Как вздернут лукавый нос!
И солнце поет в веснушках!
Худой, привязчивый пес —
я с Вами, моя пастушка!
Лиловое, синь кругом:
цветочки: иван-да-марья.
Откуда же этот гром,
удушье тягучей гари?
Ах, девушка, всех милей,
не девушка, а наяда—-
Душа! Как пес, околей!
Под тыном валяйся, падаль!
***
Высоким тенором вы пели
О чем-то грустном и далеком...
И белый мальчик в колыбели
Глядел на мать пугливым оком.
А звонкий голос веял степью —
Но с древней скифскою могилой!..
И к неземному благолепью
Душа томительно сходила...
И глаз огромной черной вишней
С багряно-поздней позолотой.
Смотрел недвижно, будто Кто-то
Уже шептал о жизни лишней...
***
Не ночь, а кофейная жижа:
гадать и гадать бы на ней!
Пошла полумесяца лыжа
на полоз моих же саней.
Козлиные гонятся лица,
поблеивают и поют.
Животная шерсть шевелится,
и волос — не гол и не крут.
Куда мне и что мне, заике,
коль ворох соломы тяжел,
коль первый попутный, великий,
огонь лишь туманом прошел.
Валун!
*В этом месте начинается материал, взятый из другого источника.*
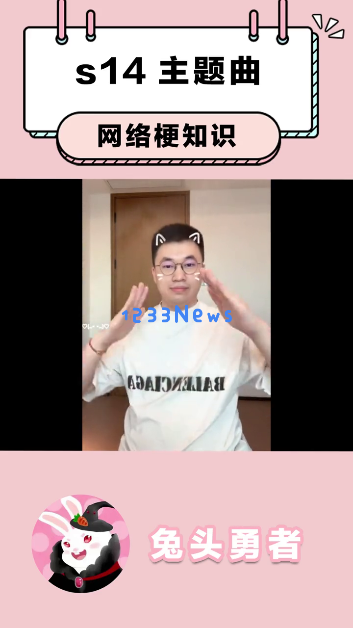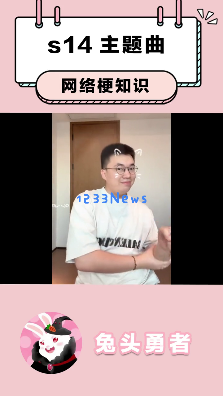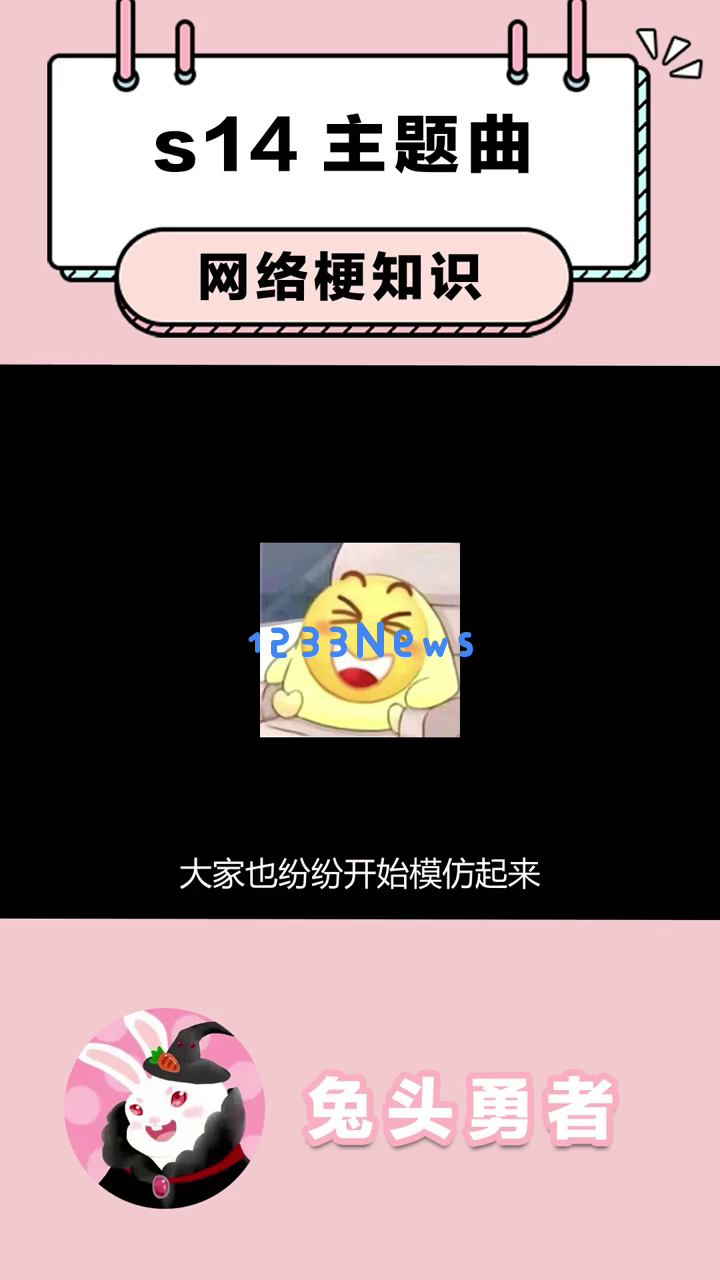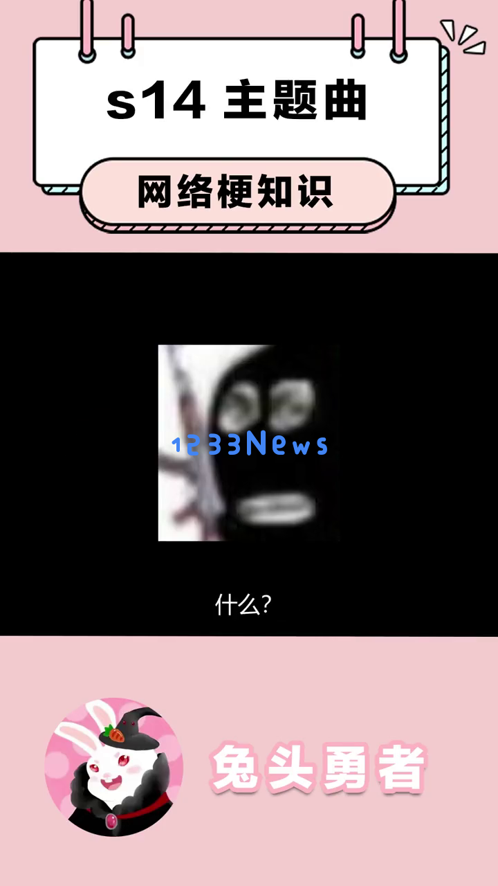 首先,我们看到一个可爱的卡通兔子形象出现在屏幕上,提示这是关于s14主题曲的网络梗知识。这个兔子戴着黑色帽子,穿着红色衣服,背景是粉色的,看起来非常萌。

То не я ли, дорожный,
сквозь ртутную глянул слезу?
Ухабистый, неосторожный,
везу мое бремя, везу.
Могильникам не развалиться,
за пазуху сунули крест,
и выселицам веселиться —
напраслина! — не надоест.
Под полозом — жарко и скользко,
и ворох соломы тяжел.
Но что мне, заике, до происков,
коль кучер — и тот вот — козел!
Присел, кучерявый, на козлы,
поблеивает и поет.
Чтоб жилой, хомячьей и рослой
(поет) подоило живот,
чтоб, выдавив дышащий розан,
я сам, облысел и умен,
пропал, потому что обсосан,
в кивающей прорве времен.
Литературный разнорабочий
Падение Нарбута с издательских высот произошло в 1928 году. Он был исключен из рядов ВКП(б) . В «Литературной энциклопедии» 1934 года сообщалось: «За сокрытие ряда обстоятельств, связанных с его пребыванием на юге во время белогвардейской оккупации». Официальная формулировка звучала так: «За факты, порочащие его как члена партии». Факты были следующие.
Оказавшись в самое крутое время гражданской войны на Украине, Нарбут попал в плен к деникинцам, где, спасая свою жизнь, написал отречение от большевизма. Вскоре он был освобождён красными и вернулся к привычной издательской и организационной деятельности. Но спустя несколько лет злополучная бумажка всплыла, сыграв свою роль в административных интригах. Решающее действие здесь возымел конфликт Нарбута с А. Вронским, редактором журнала «Красная новь». Нарбут написал заявление в ЦК , обвинив его в недопустимых формах полемики, а тот в ответ раздобыл компромат на поэта, документ, подписанный им в деникинском застенке 1919 года. Нарбут был тут же снят со всех постов.
Что делать мне с моей отставкой?
Подземный мир несёт рекой,
сквозь смрад, сквозь серу — как ни гавкай! -
мои стихи в скрипичной давке -
гриф со склонившейся щекой.
Скрипичный гриф удобно согнут,
свистит намыленный смычок...
Нарбут становится литературным «разнорабочим» - случайные переводы, составление каких-то сборников, справочников... Не поставленное либретто, не ставшие кинофильмами сценарии...
В середине 30-х годов он увлёкся так называемой научной поэзией, стихами экспериментального характера.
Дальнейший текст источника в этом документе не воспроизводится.